Task goal: What are the lines below, starting at the line containing "昨日下午, 2016年度第二" and ending at the line containing "Bawaslu merilis temuan"? Write them out exactly, ends included, without pictures.

Input for this task:
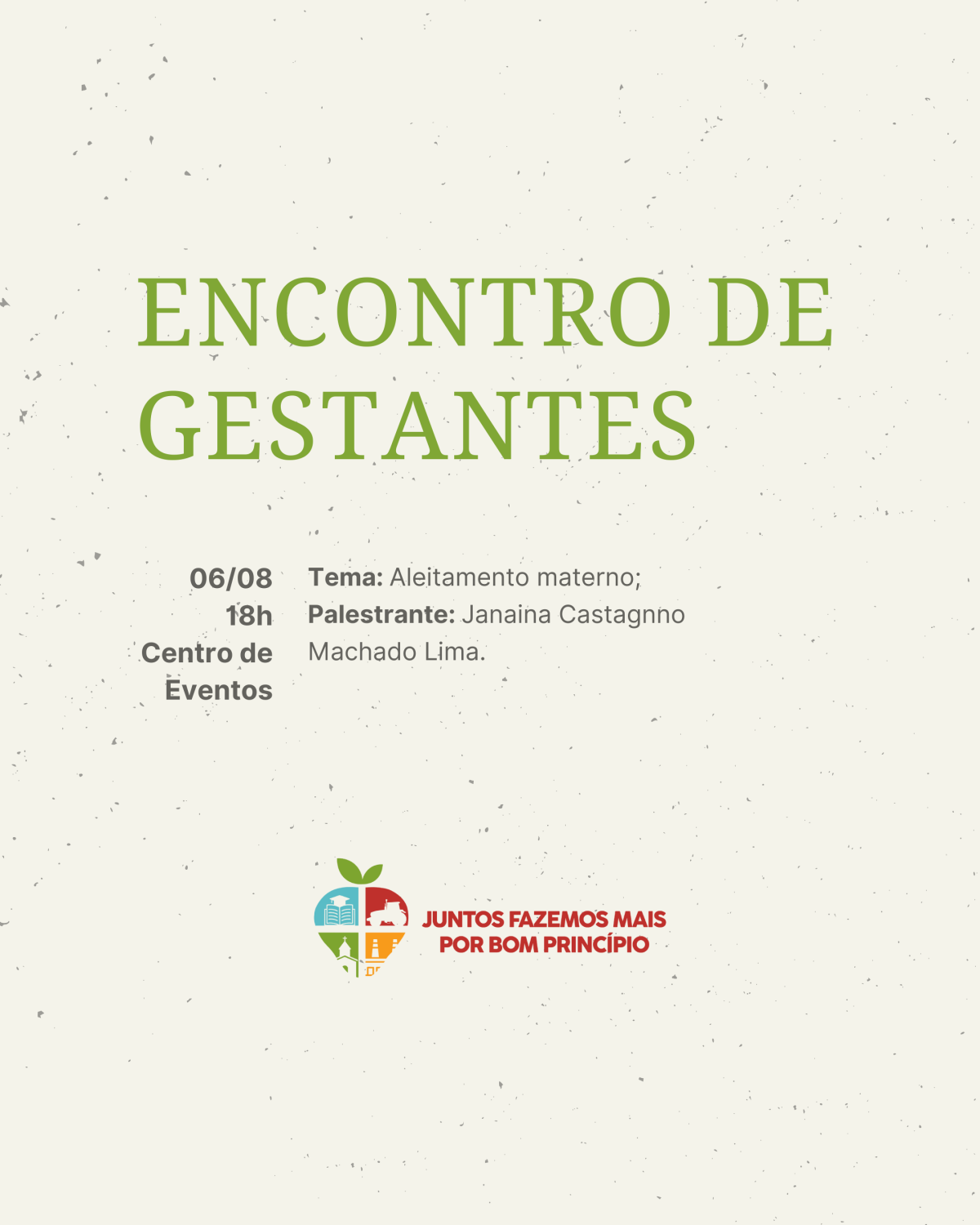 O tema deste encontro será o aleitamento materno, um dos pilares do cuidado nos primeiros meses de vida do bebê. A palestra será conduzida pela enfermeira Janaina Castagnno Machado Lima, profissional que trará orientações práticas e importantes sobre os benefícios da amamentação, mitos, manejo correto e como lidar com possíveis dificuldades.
* * *
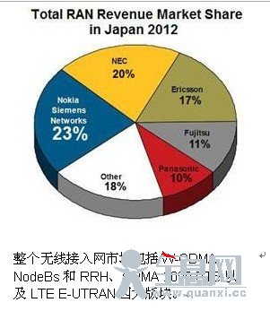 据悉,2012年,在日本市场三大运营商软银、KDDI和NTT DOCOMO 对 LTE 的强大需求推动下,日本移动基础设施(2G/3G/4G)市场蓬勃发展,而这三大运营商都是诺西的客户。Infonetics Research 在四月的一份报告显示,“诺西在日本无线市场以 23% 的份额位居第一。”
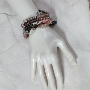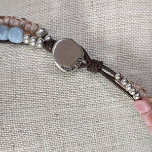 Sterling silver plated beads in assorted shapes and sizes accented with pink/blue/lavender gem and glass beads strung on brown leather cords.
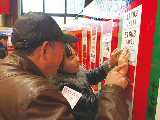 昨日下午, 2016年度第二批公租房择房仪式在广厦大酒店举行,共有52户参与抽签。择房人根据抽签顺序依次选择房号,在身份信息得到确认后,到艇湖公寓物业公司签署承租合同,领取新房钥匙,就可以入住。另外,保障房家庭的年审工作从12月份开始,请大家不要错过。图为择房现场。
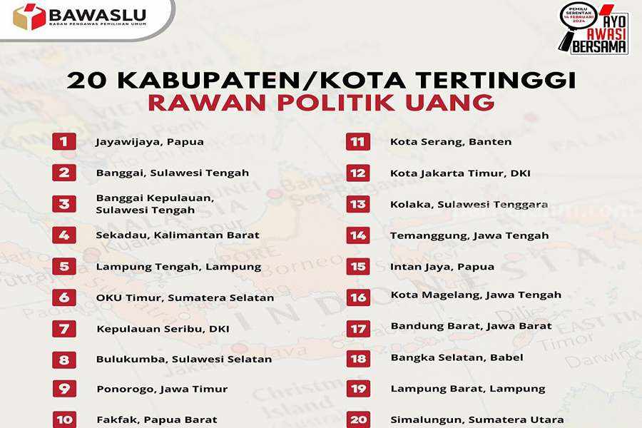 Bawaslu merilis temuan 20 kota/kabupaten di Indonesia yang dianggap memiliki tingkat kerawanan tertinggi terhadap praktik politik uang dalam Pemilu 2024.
---
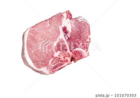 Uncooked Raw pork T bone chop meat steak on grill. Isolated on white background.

Solution to the exercise:
 昨日下午, 2016年度第二批公租房择房仪式在广厦大酒店举行,共有52户参与抽签。择房人根据抽签顺序依次选择房号,在身份信息得到确认后,到艇湖公寓物业公司签署承租合同,领取新房钥匙,就可以入住。另外,保障房家庭的年审工作从12月份开始,请大家不要错过。图为择房现场。
 Bawaslu merilis temuan 20 kota/kabupaten di Indonesia yang dianggap memiliki tingkat kerawanan tertinggi terhadap praktik politik uang dalam Pemilu 2024.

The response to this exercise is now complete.